• **Dataset extract**:
####################
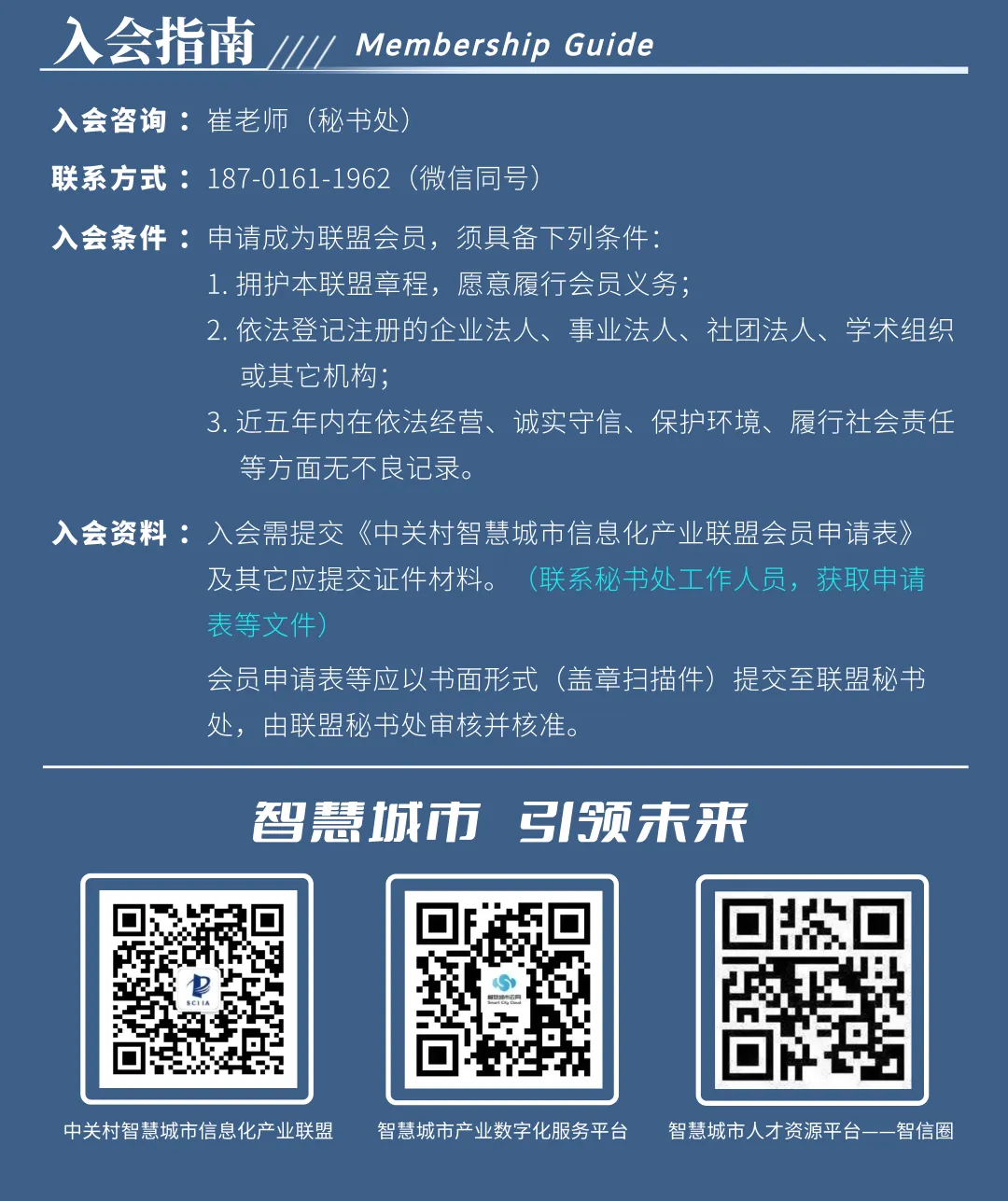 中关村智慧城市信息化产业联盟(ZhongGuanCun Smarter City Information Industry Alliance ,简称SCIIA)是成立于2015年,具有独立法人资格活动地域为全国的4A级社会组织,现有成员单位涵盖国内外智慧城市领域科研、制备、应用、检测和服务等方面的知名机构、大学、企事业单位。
####################
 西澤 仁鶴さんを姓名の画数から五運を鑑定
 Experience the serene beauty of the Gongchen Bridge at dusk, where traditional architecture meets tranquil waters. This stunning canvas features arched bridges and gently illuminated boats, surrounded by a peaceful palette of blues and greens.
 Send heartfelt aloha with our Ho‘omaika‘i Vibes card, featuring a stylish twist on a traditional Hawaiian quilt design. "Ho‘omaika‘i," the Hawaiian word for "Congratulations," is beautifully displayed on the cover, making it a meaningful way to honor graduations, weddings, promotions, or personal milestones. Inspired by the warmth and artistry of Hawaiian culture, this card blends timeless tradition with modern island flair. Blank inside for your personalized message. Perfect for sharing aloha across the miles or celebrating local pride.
####################
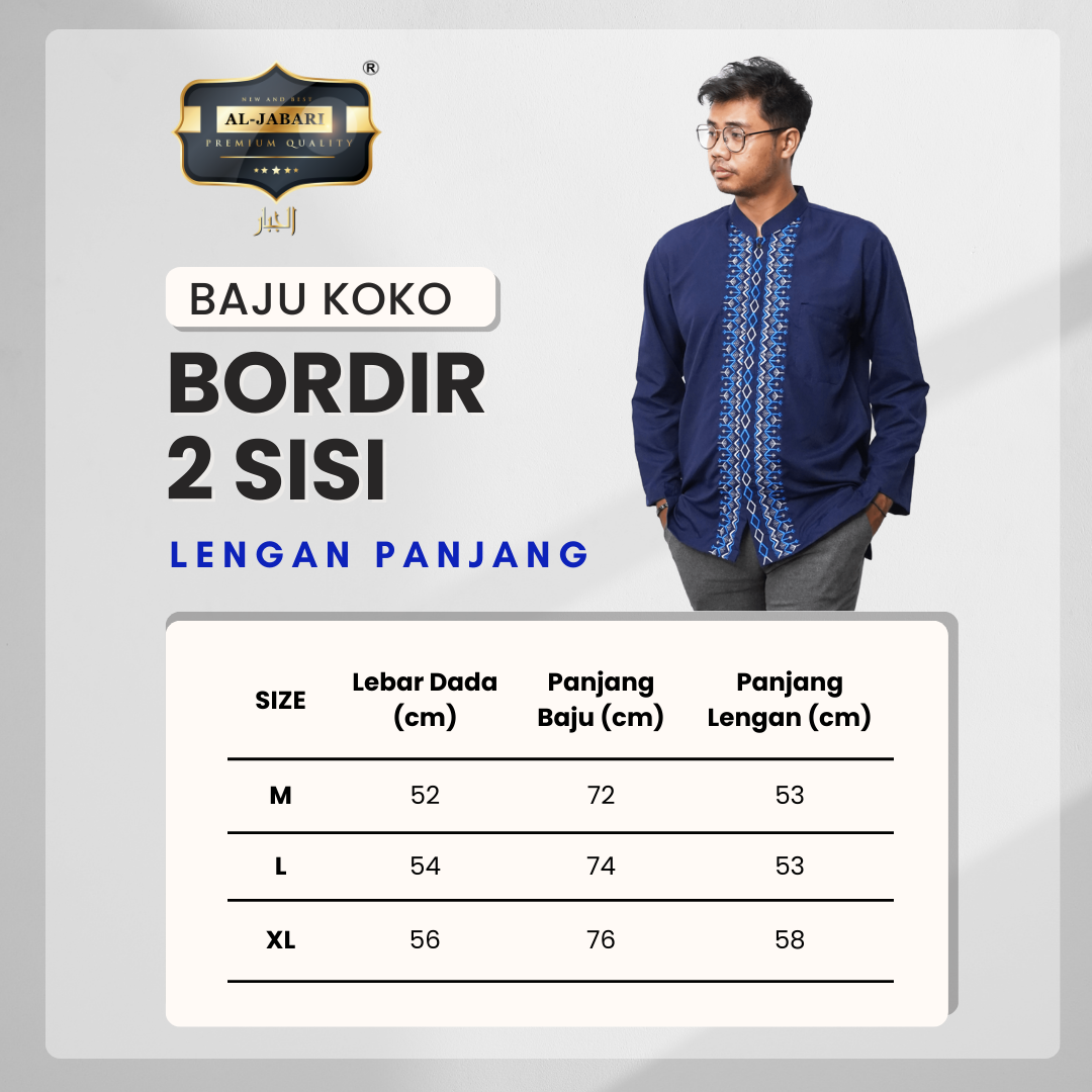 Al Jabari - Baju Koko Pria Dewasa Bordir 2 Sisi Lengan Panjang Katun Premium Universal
####################
• **Exercise**: Please reproduce, exactly as they appear above, the lines from the line containing "西澤 仁鶴さんを姓名の画数から五運を鑑定" up to and including the line containing "Experience the serene".

• **Solution for this problem**:
 西澤 仁鶴さんを姓名の画数から五運を鑑定
 Experience the serene beauty of the Gongchen Bridge at dusk, where traditional architecture meets tranquil waters. This stunning canvas features arched bridges and gently illuminated boats, surrounded by a peaceful palette of blues and greens.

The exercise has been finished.